One basic idea to help understand contemporary finance is securitization. To explain what securitization and how it works, first think about the following: what happens when you and your best friend decide to open a business together. How are you going to divvy up responsibilities, management decisions, profits, and losses?

One way is to just decide, you do this part, I’ll do that part, and we’ll split the proceeds. This is very local ownership. It is tied directly to you and your friend’s relationship, the specifics of the business venture, the particulars of the agreement you forge. For the current purposes, I want to call this concrete finance.

An alternative way to divvy up your company is to create shares of one sort or another.

How to divvy up the profits from you & your friend's cookie business.

How to divvy up the profits from you & your friend's cookie business.

When you create shares, you can assign ownership rights to them, so that each share might represent an equal percentage of end-of-year profits. If I put in half of the money, but my friend is doing most of the work, maybe he would get more shares than me. Maybe not. But to one degree or another, these shares represent ownership. Shares can be a legal agreement as well as an informal one.

What you’ve done formally is to create an instrument to stand in as financial value. It’s a kind of abstraction. The ownership no longer depends so specifically on the relationship between you and your friend. The rights to ownership, and maybe future profits and losses, are now formally invested in the shares, not just in your relationship. When you agree to partition the company into shares, you are turning the rights to future management and earnings into these more abstracted instruments.

What makes them ‘abstract’? Well, they become abstract in two distinct but related ways. First, the shares themselves are worth something. So ownership of the shares are ‘worth’ whatever profits come out of your business at the end of the year, plus they are worth whatever someone will pay to get those profits. If your business is great, with bright prospects, someone might well be willing to pay a premium for your shares. Or expect a discount if your business’ prospects are lousy. This means that there are actually two values to shares, a representational value and a market value: the representational value is how much value the shares stand in for (i.e., your share of the profits), and the market value is how much someone would buy or sell those shares for.

The second way they become abstract is that the value the shares can be thought about in ways that are not specific to the business that you started. For you, the shares are a shorthand for the blood, sweat, tears, and rewards you get for taking chances on and working in your business. For someone else, the shares can be represented as cash returns over time. And these cash returns over time are compare-able to other cash returns over time from other kinds of things. For instance, owning a totally different kind of business, buying and selling rare coins, or lending money to arms dealers all have ‘cash returns over time’ that can be compared favorably or unfavorably to your shares. In this way, what was once only understandable as a local, concrete financial arrangement between you and your best friend gets brought into the wider universe of other financial stuff. This is what I want to call abstract finance.

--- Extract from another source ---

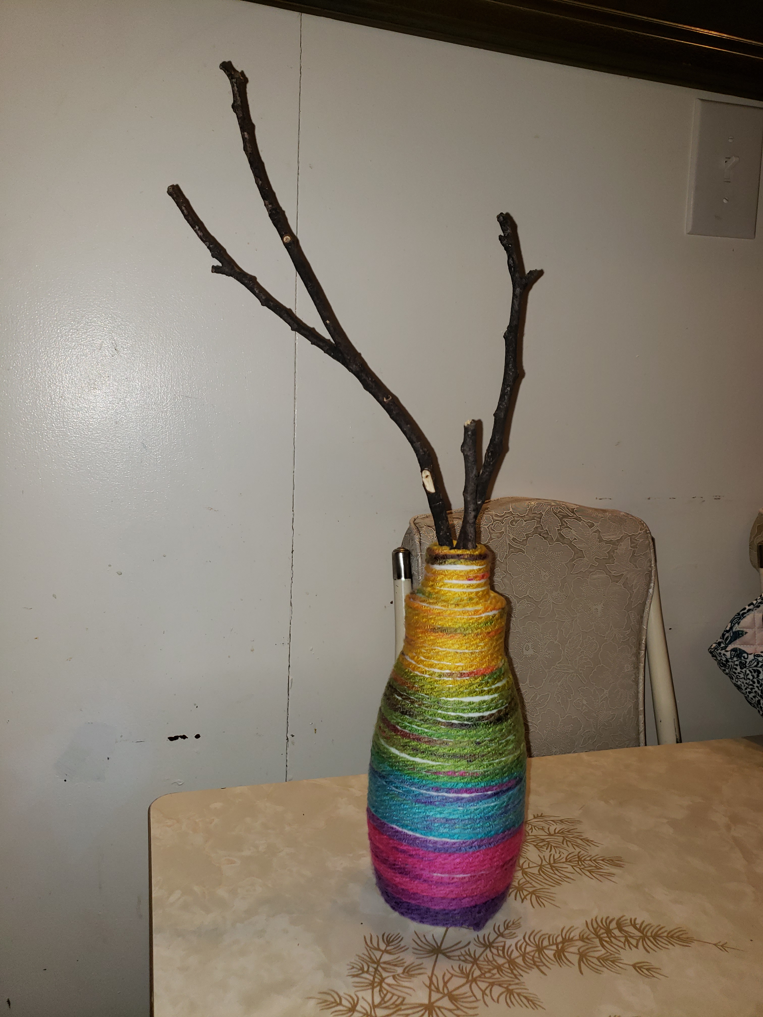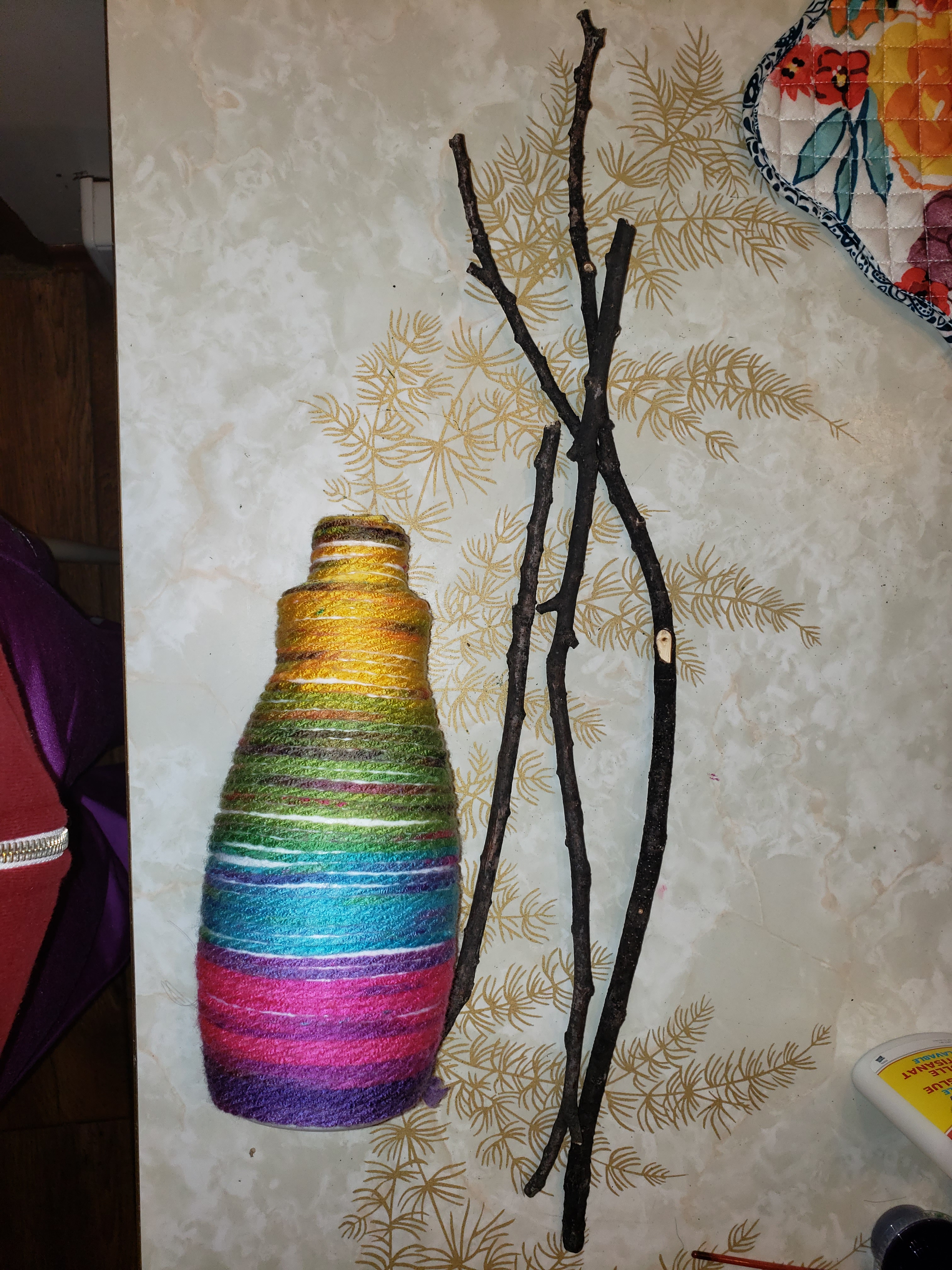 Put your sticks in the bottle then paint then bright colours. Alternatively you can glue the left over yarn around the sticks just as you did the bottle.

What's a pension fund manager doing with shares of a cookie business? Making profit.

What's a pension fund manager doing with shares of a cookie business? Making profit.


If you’ve got this imagery (a concrete set of relations that is transformed into abstracted commodity), you’ve got the basis for all kinds of financial instruments. Just about any ‘stream’ of financial value can be split into shares. A company’s future earnings, a corporate loan, leases on heavy equipment, credit card debt, US tax revenue, mortgages, annual cell phone plan subscriptions, all of these things are concrete streams of financial value. They can be split up and sold as shares. These shares are secured by their underlying pools of value. When they are securitized, they become measured not in their own terms but in more formally abstract terms: rate of return, risk of default, time risks of pre-payments, costs relative to other kinds of investment.